Grand Slam singles results
- Wimbledon: QF (1906)
- US Open: SF (1901, 1906)

Grand Slam doubles results
- Wimbledon: SF (1906)
- US Open: W (1911)

Grand Slam mixed doubles results
- US Open: W (1901)

= Raymond D. Little =

American tennis player

Raymond Demorest Little (January 5, 1880 – July 29, 1932) was an American tennis player. He was ranked in the U.S. Top 10 eleven times between 1900 and 1912, his highest ranking coming in 1907 when he was ranked No. 4. He played on the United States Davis Cup team, and also won the intercollegiate tennis title for Princeton University in 1900.

==Biography==
Little was born on January 5, 1880. His father was Joseph J. Little, an English-born Democratic Party member of Congress, publishing executive, and civil war veteran.

He attended Princeton University, where he was the president of Colonial Club. He was also captain for the Princeton Tigers men's ice hockey team in 1901.

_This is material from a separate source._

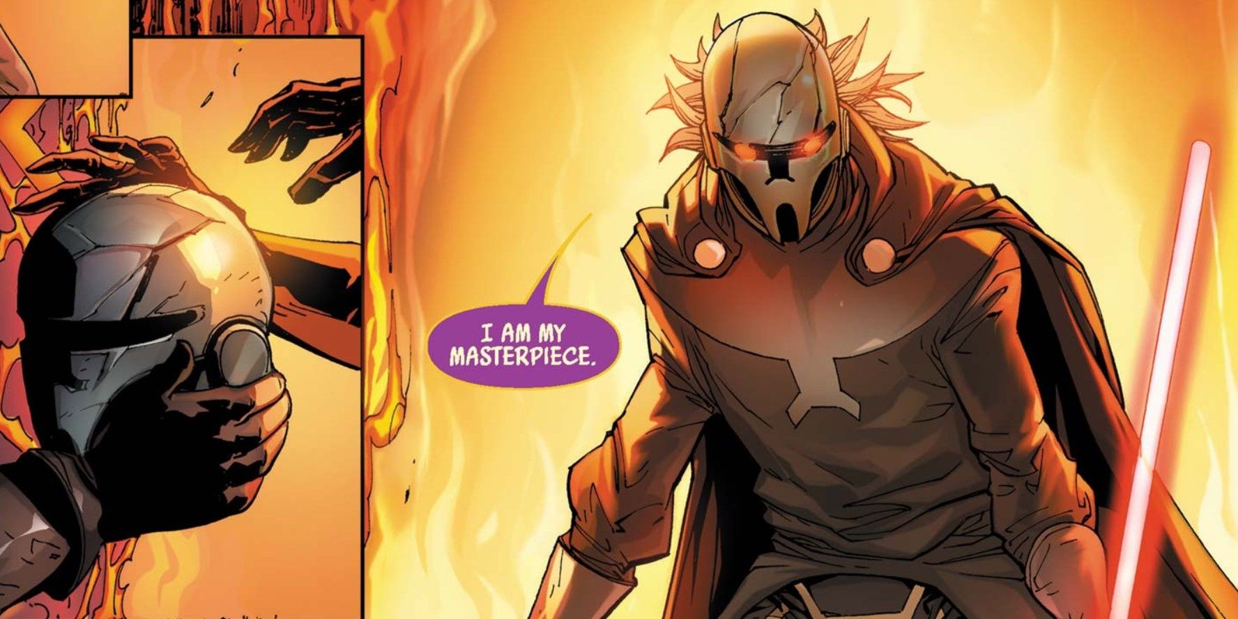 Hablando a través de los poseídos, Momin ayudó a construir el castillo de Vader en Mustafar, construyendo la fortaleza como un portal al lado oscuro de la Fuerza. Cuando el portal finalmente se abrió, el cuerpo de Momin salió del otro lado con un sable de luz rojo en cada mano. El cuerpo reclamó la máscara, y entonces Momin comenzó a cortar en pedazos a Vader.

At the Cincinnati Open, the oldest tournament in the U.S. played in its original city, Little reached 12 finals in eight appearances between 1900 and 1907: four singles finals, six doubles finals and two mixed doubles finals. In those 12 finals appearances, his only loss came in the singles final of 1903, when he was defeated by Kreigh Collins, an outstanding player out of Chicago. Little's three singles titles came in 1900, 1901 and 1902, his six doubles titles were in 1900, 1901, 1904, 1905, 1906 & 1907, and his mixed doubles titles came in 1901 with Marion Jones Farquhar and 1905 with May Sutton. He appeared in the first ever Cincinnati Open (1899) and when he played his final singles match in 1909 his singles record in Cincinnati stood at 23-5.

Little won the 1900 American intercollegiate singles tennis championship as a student at Princeton University. At the U.S. National Championships he paired with Gus Touchard to win the 1911 doubles title and reach the 1912 doubles final. He also reached the doubles final in 1900, 1904 and 1908. Little reached the semifinals of the singles in 1901 (beating William Clothier before losing to Beals Wright) and 1906 (beating Harold Hackett before losing to Karl Behr).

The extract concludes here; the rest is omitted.